The Pulwama-Balakot episode showed the danger of both sides stepping on to an escalatory spiral, with unpredictable consequences
Two years ago, on February 14, the terror outfit, Jaish-e-Mohammad, attacked a Central Reserve Police Force convoy in south Kashmir’s Pulwama, killing 40 security personnel. The attack provoked a strong Indian response in the form of the Balakot airstrike at a terror camp, an aerial incursion by Pakistan into Indian territory, the capture and subsequent release of an Indian fighter pilot, and eventually shaped the course of the Lok Sabha elections. The government framed the airstrike as a continuation of the surgical strike after Uri in 2016, and portrayed it as an example of “new India’s” tough approach to terror.

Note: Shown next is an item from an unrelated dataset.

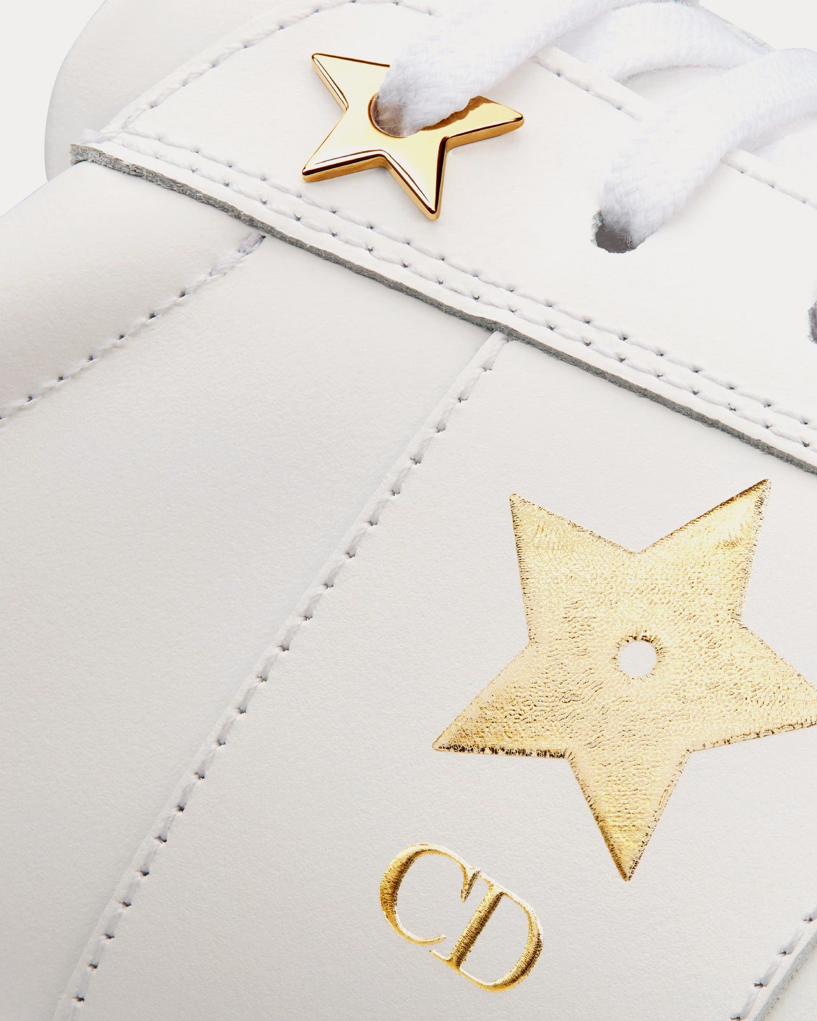 Les baskets basses pour femme Dior Dior Star en blanc et or présentent des signatures sur la languette, la semelle et les lacets, ainsi qu’une plateforme en EVA avec une étoile, le symbole porte-bonheur de Christian Dior. Fabriquées en Italie.

At the same time, the Pulwama-Balakot episode showed the danger of both sides stepping on to an escalatory spiral, with unpredictable consequences. India may have conventional military superiority and has done well in calling Pakistan’s nuclear bluff. But, at a time when India faces a threat from China, and the situation in Kashmir remains fragile, this strategy must be used in a calibrated manner. It is also important to recognize the heterogeneity within Pakistan, and perhaps have a form of back-channel dialogue mechanism to ensure that events don’t spiral out of control. Responding to terror is essential; ensuring this response is smart and proportionate remains equally important.